The garden is almost clear and ready for its spring mulch. For the past three years I have used Chester’s finest homebrew – Gowy Composting Facility’s composted green waste. It is lovely dark crumbly stuff, still smoking on arrival and we have had no weed seed germination from it at all. But last year we noticed a sharp increase in plastic waste shreds in it, so I went along today to find out why. As is so often the case, people are key.


Head honcho composter Steve Kay showed me round the composting yard, with six long heaps of material, each one 10 foot hight and 100 feet long. Each heap is left to self-heat until it reaches the requisite temperature and is then turned by composting ace Jackie and her JCB and ‘cooked’ again six times until finally ready to meet the screening machine. This enormous device shakes the compost through a 1cm screen to produce a gorgeous black, crumbly material which smells and looks lovely. A sample gets sent off for lab testing for ‘fines’ and if passes it’s approved for use. This picture is of the finished product. It’s just fantastic stuff, apart from the tiny bits of plastic in it. And here’s why.
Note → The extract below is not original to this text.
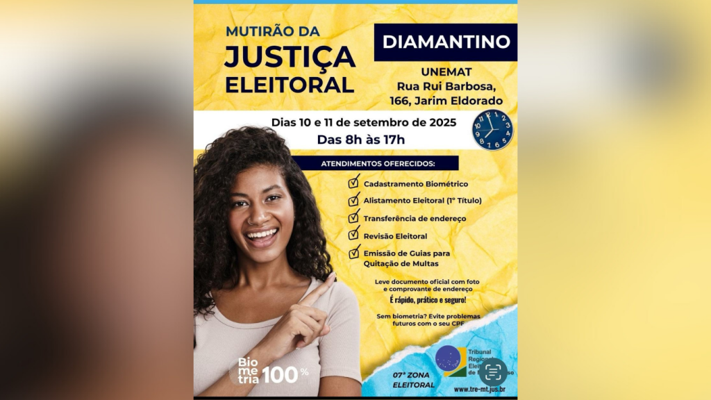 A Justiça Eleitoral, por meio do Tribunal Regional Eleitoral de Mato Grosso (TRE-MT) e da 7ª Zona Eleitoral, convida os eleitores de Diamantino, Alto Paraguai e Deciolândia para participar do “Mutirão da Justiça Eleitoral – Biometria 100%”, que será realizado nos dias 10 e 11 de setembro, das 8h às 17h, na Universidade do Estado de Mato Grosso (UNEMAT), em Diamantino.

Green waste used to come to the site directly from the householder. Some householders tidily, but wrongly put their green waste in black bin liners before putting in the bin. Others fail to differentiate between green waste and general rubbish. But on arrival at the yard, Jackie used to spread it all out with her JCB and gently pick out most of the plastic before adding the cleaned material to compost pile number one. But now it comes in already shredded and part-composted. And full of plastic as you just make out in the rather dark picture, left. There is nothing Jackie can do except rely on the screening machine to take it out again at the end. Which mostly it does. The screen is smaller than the one they used last year, so I’m going to give it another go and see how much debris we get. But the answer is to market and sell this fabulous stuff, rather than give it away, and reinvest the proceeds in better householder education and pre-screening.

Elsewhere, the new nursery growing-on terraces are coming on delightfully and will give us much needed space for our doubled plant stock. Pics to follow in a day or two. A lull in bare root deliveries has given me time to lift and divide some of our own: Calamagrostis x acutiflora ‘Karl Foerster’, Helenium ‘Sahin’s Early Flowerer’, Stachys officinalis ‘Hummelo’, and Geranium phaeum ‘Jean Baker’, to name a few. It’s tough work, but I get real pleasure from lifting a large, congested plant and taking care to produce the maximum number of healthy pieces with minimum broken off roots and shoots. It’s the essence of why I love this job.

Today’s slight rise in temperature brought a shoal of tiny fish to the surface of the pond and I heard a frog plop into the pond tonight as I went to lock up the chickens. Three buzzards circled the meadow this afternoon, screaming over control of the huge lime tree in our woods. And a clutch of purple crocuses near the cottage opened for the first time. Spring is most definitely on its way.